Far from being exhaustive, the list above should make enterprises' people think and understand that "it's not just a matter of building a Web Site and publishing it" !
There must be a vision, a strategy, an "area of purpose" and clear objectives. Like there are business plans in the real-world there must be a project plan in the e-world.


Since a Web Site is the final output of the overall e-Project, there must be a solid continuity and congruence between the two.
In fact, a Web Site is always the operational arm of an e-Presence and, as such, it must have a well identified and well defined scope (or purpose).
This is always true: irrespective of its nature (business, social, scientific, entertaining, etc.), every Web Site is there for a purpose.
As a consequence, every Web Site should have clear objectives.
While a purpose is not measurable, objectives are.
Objectives are measurable through a measurement of the results achieved by the Web Site, the operational arm of the e-Presence.
If objectives are set and clear, the associated results can be defined and measured.

The above implies that the SMEs need to invent a new "role", generally un-understood and/or mis-understood in small and medium enterprises: the role of webmaster.
What is a webmaster?

A webmaster is the person who manages the inception, the definition, the editorial content, the overall development, and the overall operation and maintenance of a Web Site - and monitors the associated e-performance

This is what most SMEs fail to understand.

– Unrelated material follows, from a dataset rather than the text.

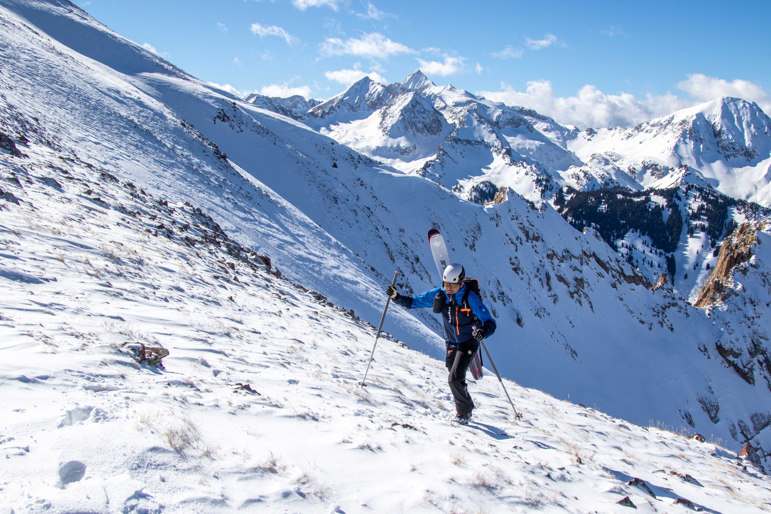 Gaining the winter summit of the Pyramid Peak requires navigating deeply faceted snow as it sloughs off the red bands of crumbing sedimentary rock that make up this part of the Elk Mountains. The summit block of Pyramid Peak is steep and impermanent, with thousand-foot falls on either side. Getting to the top is a practice of focus and finesse. Successfully skiing this peak is not only a test of confidence on steep terrain but also the ability to track the season’s snowpack and catch a small window of ideal conditions.

Believing that a Web Site is just an enterprise brochure to be technically and artistically developed by an external entity, they hammer to death their e-presence from day 1.

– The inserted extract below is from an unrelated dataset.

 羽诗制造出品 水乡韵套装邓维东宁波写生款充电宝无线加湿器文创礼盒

World-class SMEs have a far different view of the state of affairs. Far from believing that a webmaster is only a technical person with high programming skills and web knowledge, they grow internally such a role from the very beginning (or as soon as they realise its importance) and nominate such person Project Manager of the e-project. He or she covers the role part-time or full-time, as required.

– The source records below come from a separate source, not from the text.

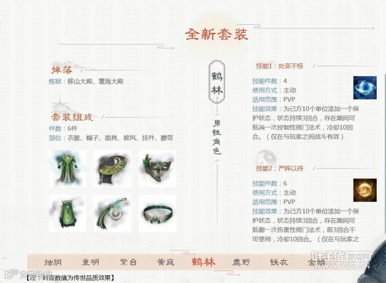 男性:3件搭配寒鸦、3件搭配容止、3件搭配霄汉、3件搭配燃灯、3件搭配破军、3件搭配雅声
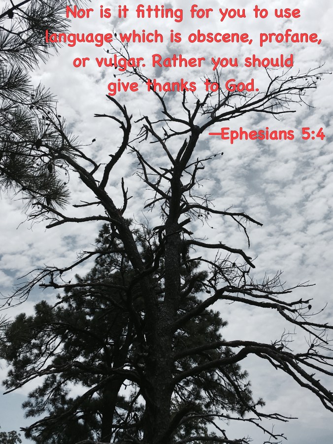 thirty biblical reasons to vote democratic in 2020: #12 Crude Language September 12, 2020September 20, 2020 / Apple Hill Cottage Let there be no filthiness nor foolish talk nor crude joking, which are out of place, but instead let there be thanksgiving. — Ephesians 5:4 (ESV) Not much else needs to be said about this, eh? Share this: Click to print (Opens in new window) Print Click to email a link to a friend (Opens in new window) Email Click to share on Pinterest (Opens in new window) Pinterest Click to share on Facebook (Opens in new window) Facebook Click to share on X (Opens in new window) X Click to share on Pocket (Opens in new window) Pocket Like Loading... Related
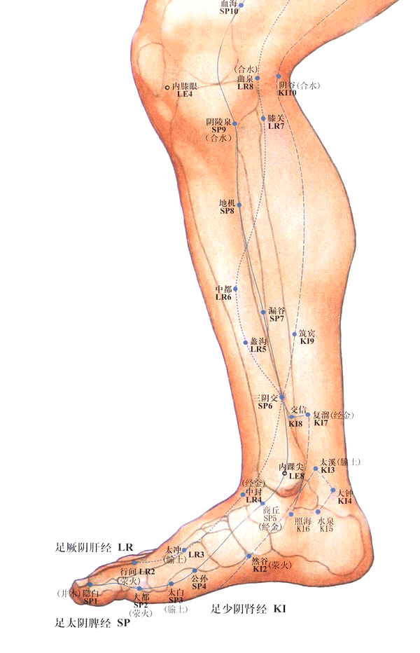 《针灸甲乙经》:女子疝瘕,按之如以汤沃其股内至膝,飧泄,灸刺曲泉。少腹肿,阴挺出,痛经水来下,阴中肿或痒,漉青汁若葵羹,血闭无子,不嗜食,曲泉主之。

The webmaster is the secret and makes the difference between failure and success of the enterprise's e-project.
Besides being deeply involved in the first two major steps of the e-project (Inception and Definition), the webmaster has a number of strategic actions to co-ordinate thereafter:

  • Co-ordinates the definition of the Web Site contents (especially the core content message)
  • Plans the Web Site overall architecture and supervises/co-ordinates the design. Co-ordinates the selection of the correct domain and hosting solution.
  • Supervises the Web Site uploading/launching, co-ordinating real-world and e-world marketing and promotion initiatives
  • Is in charge of operation and maintenance of the Web Site
  • Co-ordinates all marketing initiatives subsequent to initial launch and monitors/measures results.
  • Sets up all necessary actions to develop and grow a loyal e-community
  • Through traffic monitoring, e-metrics and data mining techniques analyses and gets to know as much as possible about users' behaviour
  • Co-ordinates all users' support/interface actions
  • Ensures Web Site visibility and traceability through a number of technical and relational initiatives
  • Manages all legal, privacy and copyright issues
  • Manages all aspects of enterprise's e-brand identity (generation, growth, support)
  • Co-ordinates technically and organisationally all B2C and/or B2B strategies and tools
  • Administers each and every aspect of the e-project on an ongoing basis: monitoring results against set objectives, and changing/updating objectives on a regular basis
  • When the nature and entity of the e-project is such to require a project team (internal/external), the webmaster co-ordinates all members of the team

The webmaster is (must be) a good project manager, planner, co-ordinator and administrator, skilled in modern marketing principles, and knowledgeable sufficiently about the web technical aspects (including some basic knowledge of Web languages, programming languages, protocols, etc.).
Without an internal webmaster, the SME should not even embark in any sort of e-project: the result might be more harmful than beneficial......    

e-performance can be measured, like any other component of enterprise's performance (more »).
In the new millennium, it is an essential ingredient of the overall enterprise's performance.